Your assignment ::
Pictures stay out; everything else in the records is to be copied exactly.
+===+
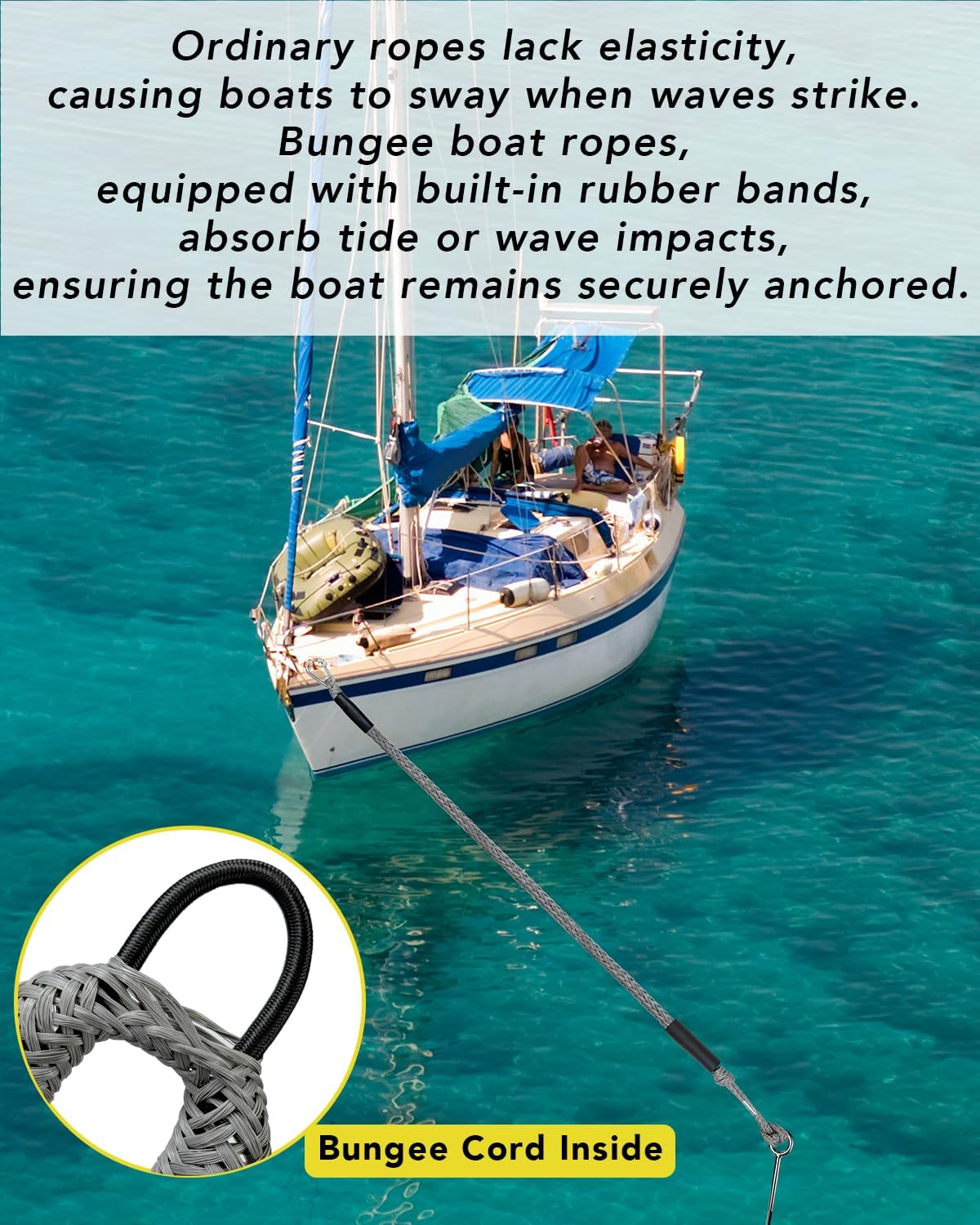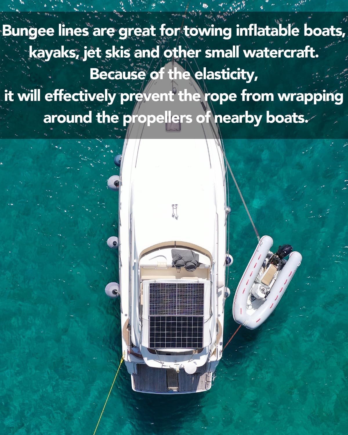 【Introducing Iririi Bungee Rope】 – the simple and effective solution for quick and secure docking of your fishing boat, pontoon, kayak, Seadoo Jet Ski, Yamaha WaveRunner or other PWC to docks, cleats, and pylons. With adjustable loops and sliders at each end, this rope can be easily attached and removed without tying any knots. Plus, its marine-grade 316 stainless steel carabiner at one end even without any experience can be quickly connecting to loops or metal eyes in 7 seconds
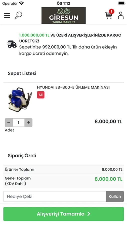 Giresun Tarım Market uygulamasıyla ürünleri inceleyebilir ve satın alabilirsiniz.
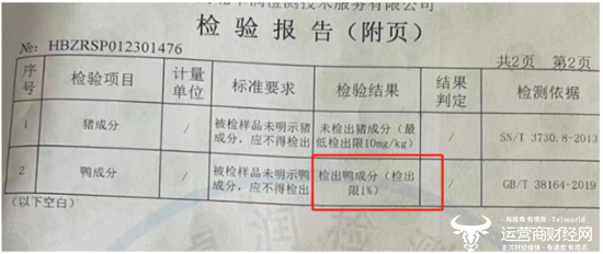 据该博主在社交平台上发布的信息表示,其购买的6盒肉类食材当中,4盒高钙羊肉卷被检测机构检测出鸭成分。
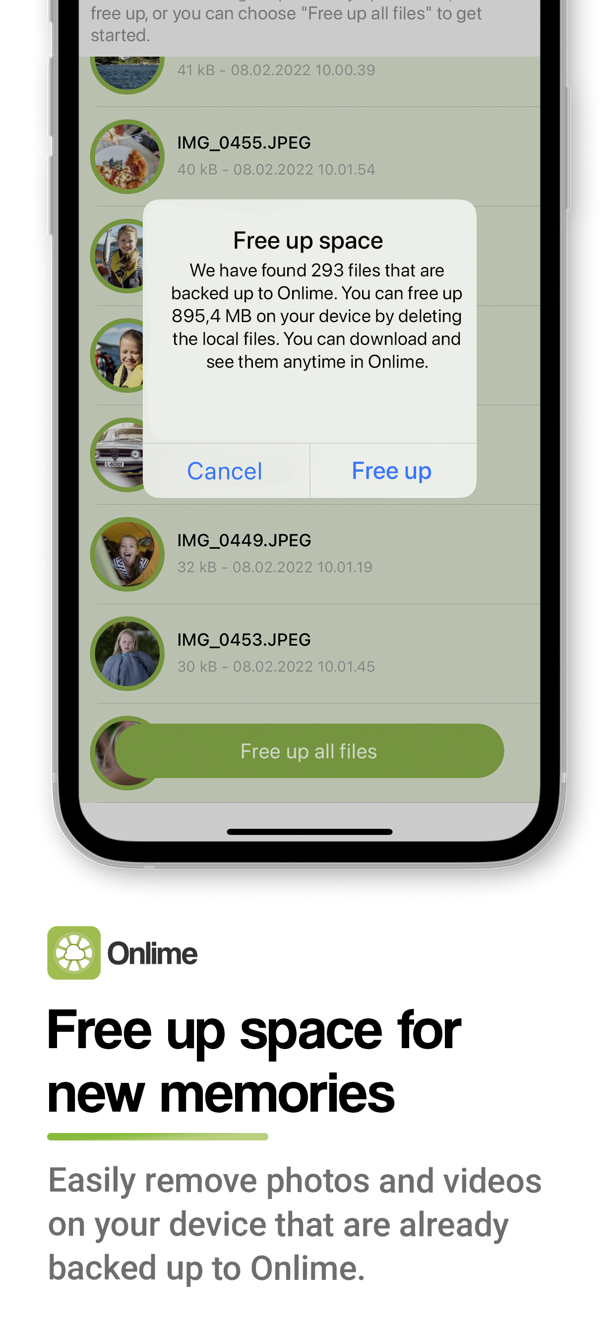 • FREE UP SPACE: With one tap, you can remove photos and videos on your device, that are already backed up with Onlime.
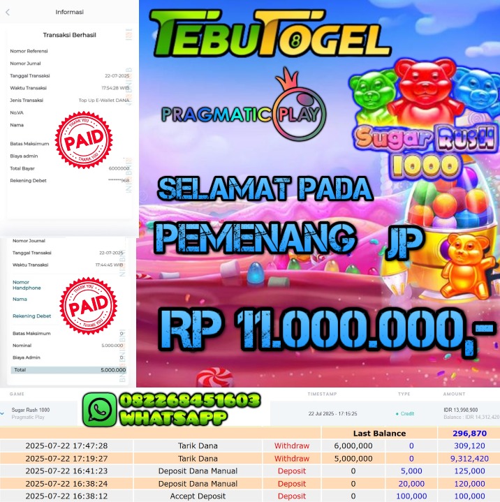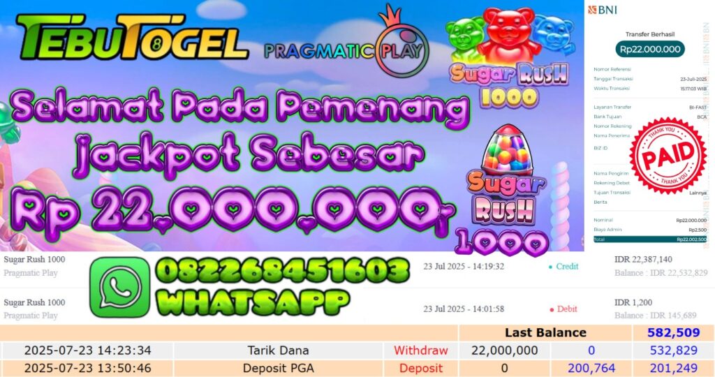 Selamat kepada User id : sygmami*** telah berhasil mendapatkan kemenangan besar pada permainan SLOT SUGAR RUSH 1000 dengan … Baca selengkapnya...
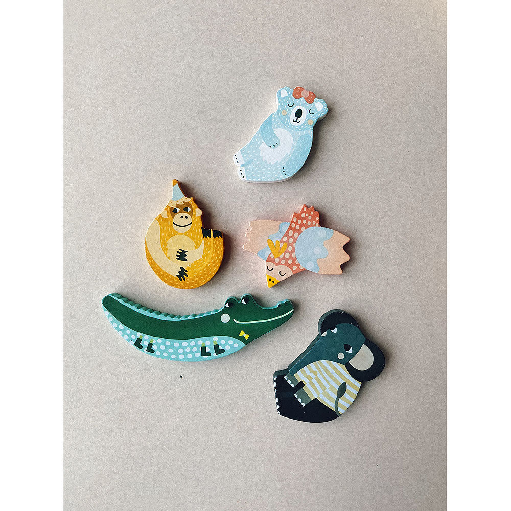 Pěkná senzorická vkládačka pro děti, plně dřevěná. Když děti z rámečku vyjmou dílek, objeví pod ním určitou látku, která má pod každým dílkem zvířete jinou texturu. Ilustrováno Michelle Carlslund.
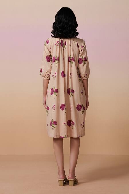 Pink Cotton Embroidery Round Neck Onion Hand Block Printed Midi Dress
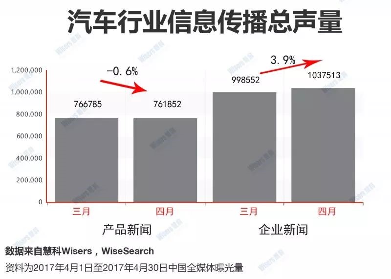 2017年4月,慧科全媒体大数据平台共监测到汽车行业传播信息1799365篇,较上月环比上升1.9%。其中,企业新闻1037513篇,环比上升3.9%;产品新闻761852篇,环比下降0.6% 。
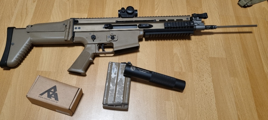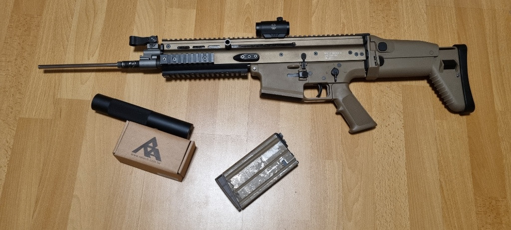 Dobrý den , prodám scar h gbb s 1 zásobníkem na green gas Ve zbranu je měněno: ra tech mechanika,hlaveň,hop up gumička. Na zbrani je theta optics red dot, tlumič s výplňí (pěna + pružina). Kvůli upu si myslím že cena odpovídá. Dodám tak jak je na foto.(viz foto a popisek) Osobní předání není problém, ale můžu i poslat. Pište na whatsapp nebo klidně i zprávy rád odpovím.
+===+
Finished exercise ::
 【Introducing Iririi Bungee Rope】 – the simple and effective solution for quick and secure docking of your fishing boat, pontoon, kayak, Seadoo Jet Ski, Yamaha WaveRunner or other PWC to docks, cleats, and pylons. With adjustable loops and sliders at each end, this rope can be easily attached and removed without tying any knots. Plus, its marine-grade 316 stainless steel carabiner at one end even without any experience can be quickly connecting to loops or metal eyes in 7 seconds
 Giresun Tarım Market uygulamasıyla ürünleri inceleyebilir ve satın alabilirsiniz.
 据该博主在社交平台上发布的信息表示,其购买的6盒肉类食材当中,4盒高钙羊肉卷被检测机构检测出鸭成分。
 • FREE UP SPACE: With one tap, you can remove photos and videos on your device, that are already backed up with Onlime.
 Selamat kepada User id : sygmami*** telah berhasil mendapatkan kemenangan besar pada permainan SLOT SUGAR RUSH 1000 dengan … Baca selengkapnya...
 Pěkná senzorická vkládačka pro děti, plně dřevěná. Když děti z rámečku vyjmou dílek, objeví pod ním určitou látku, která má pod každým dílkem zvířete jinou texturu. Ilustrováno Michelle Carlslund.
 Pink Cotton Embroidery Round Neck Onion Hand Block Printed Midi Dress
 2017年4月,慧科全媒体大数据平台共监测到汽车行业传播信息1799365篇,较上月环比上升1.9%。其中,企业新闻1037513篇,环比上升3.9%;产品新闻761852篇,环比下降0.6% 。
 Dobrý den , prodám scar h gbb s 1 zásobníkem na green gas Ve zbranu je měněno: ra tech mechanika,hlaveň,hop up gumička. Na zbrani je theta optics red dot, tlumič s výplňí (pěna + pružina). Kvůli upu si myslím že cena odpovídá. Dodám tak jak je na foto.(viz foto a popisek) Osobní předání není problém, ale můžu i poslat. Pište na whatsapp nebo klidně i zprávy rád odpovím.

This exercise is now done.